The slavery drama "12 Years a Slave" won the best picture Oscar on Sunday, becoming the first film from a black director to win the film industry's top honor in the 86 years of the Academy Awards.
The film from British director Steve McQueen is based on the memoirs of a free black man, Solomon Northup, who is tricked and sold into bondage in Louisiana in an unflinching account of pre-Civil War slavery in America.
Matthew McConaughey won the Oscar for best actor on Sunday for his role in "Dallas Buyers Club" as a homophobic, rodeo-loving Texan who contracts AIDS and becomes an unlikely savior for gay patients and drug addicts desperate for treatment.
McConaughey lost some 50 pounds (23 kg) for the role, looking gaunt as real-life crusader Ron Woodroof, a cowboy who fought the U.S. government during the early AIDS epidemic of the 1980s to provide patients with medicines he imported from foreign countries.
"First off, I want to thank God, because that's who I look up to," the actor said accepting the award. "He's graced my life with opportunities that I know are not of my hand or any other human hand.
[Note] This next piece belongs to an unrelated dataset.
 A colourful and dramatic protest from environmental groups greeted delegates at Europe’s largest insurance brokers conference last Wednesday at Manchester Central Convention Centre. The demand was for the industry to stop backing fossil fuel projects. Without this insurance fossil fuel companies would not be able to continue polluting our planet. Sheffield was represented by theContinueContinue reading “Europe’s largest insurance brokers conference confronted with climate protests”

He has shown me that it's a scientific fact that gratitude reciprocates."
The win is the first Academy Award for McConaughey, 44, once known primarily as the handsome leading man in romantic comedies such as "The Wedding Planner" and "How to Lose a Guy in 10 Days."
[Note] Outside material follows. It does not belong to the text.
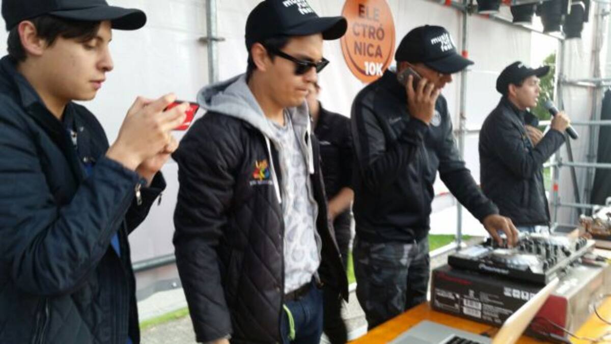 El dj está poniendo a vibrar a todos los que llegan a la meta de la carrera.

"Whatever it is we look up to, whatever it is we look forward to and whoever it is we're chasing, to that I say, 'Amen,' to that I say, 'Alright, alright, alright,' McConaughey said adding his trademark exclamation that drew laughter from the audience, "to that I say just keep living."
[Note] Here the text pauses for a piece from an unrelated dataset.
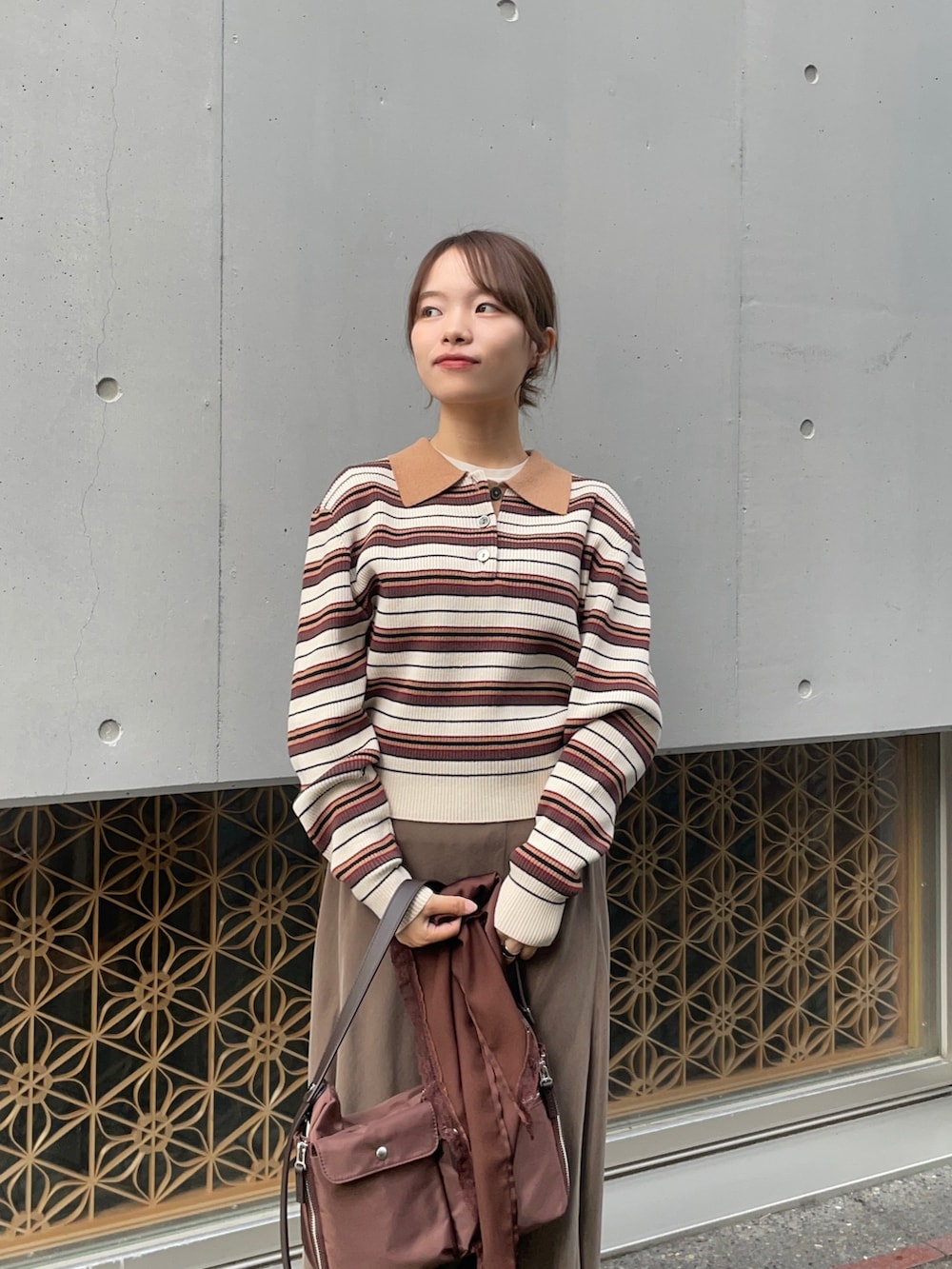 トップスは1枚で決まるコットンとシルクが混ざった着心地良いボーダーポロニットです!コンパクトなシルエットで、どんなボトムスにも合いやすく、程よい伸びで着やすいです!華奢見えも叶い、どんなコーデにも映えるトップスですよ✨色違いも可愛いので、店頭にて見てみて下さいね⭐︎

Australian Cate Blanchett won her second Oscar on Sunday for her role as a socialite who suffers a breakdown in Woody Allen's "Blue Jasmine."
Blanchett, 44, was the favorite to win this year's Oscar after sweeping awards season with prizes including the Golden Globe, Screen Actors Guild and BAFTA earlier this year.
Blanchett beat Amy Adams, Sandra Bullock, Judi Dench and Meryl Streep for the Oscar.
"As random and subjective as this award is, it means a great deal in a year of, yet again, extraordinary performances by women," Blanchett said in her acceptance speech.